The <typedef> in the example creates a <thread> type. That is just a bit of fun which I'll use in an example later. It does show the typedefing of a type from outside the ant library however.

<taskdef> is pretty obvious. It identifies a taskname with a class from the library. The import task, which I have not yet implemented will allow this name to be aliased - something like

<import libid="ant.file" task="echo" alias="antecho"/>

Tasks are not made available automatically. The build file must state which tasks it wants to use using an <import> task. This is similar to Java's import statement. Similarly classes whose ids start with "ant." are fully imported at the start of execution.

Mutant Configuration

When mutant starts execution, it reads in a config file. Actually it attempts to read two files, one from $ANT_HOME/conf/antconfig.xml and another from $HOME/.ant/antconfig.xml. Others could be added even specified in the command line. These config files are used to provide two things - libpaths and task dirs.

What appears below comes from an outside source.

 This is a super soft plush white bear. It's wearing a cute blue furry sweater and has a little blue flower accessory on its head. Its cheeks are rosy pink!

Taskdirs are locations to search for additional ant libraries. As people bundle Ant tasks and types with their products, it will not be practical to bundle all this into ANT_HOME/lib. These additional dirs are scanned for ant libraries. All .zip/.jar/.tsk files which contain the META-INF/antlib.xml file will be processed.

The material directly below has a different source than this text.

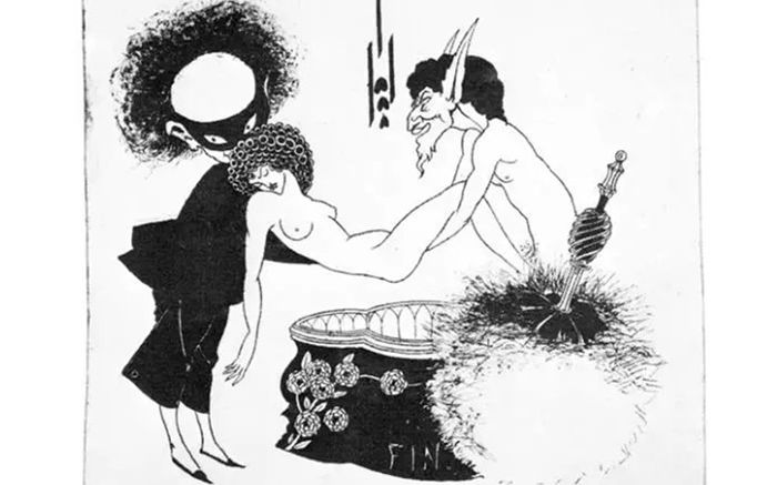 《莎乐美的葬礼》,出自著名插画家比亚兹莱为戏剧《莎乐美》所绘插图。莎乐美用色相蛊惑希律王砍下了先知施洗约翰头颅的著名典故,在西方文化中寓意深刻:情欲会带来死亡。而在比亚兹莱的插画中,死亡同样也可以带来情欲。

Sometimes, of course, the tasks and the libraries upon which they depend are not produced by the same people. It is not feasible to go in and edit manifests to connect the ant library with its required support jars, so the libpath element in the config file is used to specify additional paths to be added to a library's classloader. An example config would be
<antconfig>
  <libpath libid="ant.file" path="fubar"/>
  <libpath libid="ant.file" url="http://fubar"/>
</antconfig>
Obviously other information can be added to the config - standard property values, compiler prefs, etc. I haven't done that yet. User level config override system level configs.

So, when a ant library creates a classloader, it will take a number of URLS. One is the task library itself, the XML parser classes if requested, the tools.jar if requested, and any additional libraries specified in the <antconfig>. The parent loader is the common loader from the initconfig. unless this library is an extending library.

Mutant Execution

Execution of a build is provided by the core through two key classes. One if the ExecutionManager and the other is the ExecutionFrame. An execution frame is created for each project in the project model hierarchy. It represents the execution state of the project - data values, imported tasks, typedefs, taskdefs, etc.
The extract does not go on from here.